The Azure Data Factory
In Azure, we are going to create a Data Factory that populates some Customers based on a CSV input file. In my last post, I used AzCopy to upload the file to Azure Blob Storage. The Data Factory we are creating will load that file into a table in Azure Database. The completed Data Factory will appear as follows:
In the diagram above, we are going to create 1) a Service and Dataset that will represent the flat file that we have uploaded to SQL Blob Storage, 3) a Service and Dataset that will represent the table that is going to accept the data in Azure SQL Database and 2) a Pipeline that will move the data from the flat file in Blob Storage to the Azure SQL Table.

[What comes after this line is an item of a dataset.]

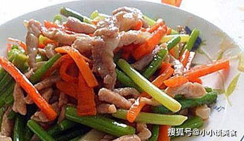 4、鍋內加少許油,放入蔥薑,倒入醃好的蒜苔,炒香後放入炸好的肉絲翻炒片刻,炒勻出鍋。醃蒜苔時加鹽,而不是烘烤時加鹽。

When we compare the Azure Data Factory to the SSIS Package, we can see that the Service and Dataset 1 are very similar to the Flat File Data Source (both numbered 1 above), the Service and Dataset 3 are very similar to the OLEDB DB Destination (both numbered 3) while the Pipeline is very similar to the Data Flow Path from the SSIS Package (both numbered 2). In the next section, I'll go through how to create the Service and Dataset to connect to the flat file that is stored in Azure Blob Storage.
Creating the Service and Customer Input Dataset
The first thing that needs to be done is to create an Azure Data Factory. In order to do that, we will go to the Azure Preview Portal and click All Resources->Data + Analytics->Data Factory and then fill in the necessary fields (as shown below).
Then, we will click the Data Factory tile on the Start Page and then click "Author and Deploy" in order to launch the Data Factory Editor.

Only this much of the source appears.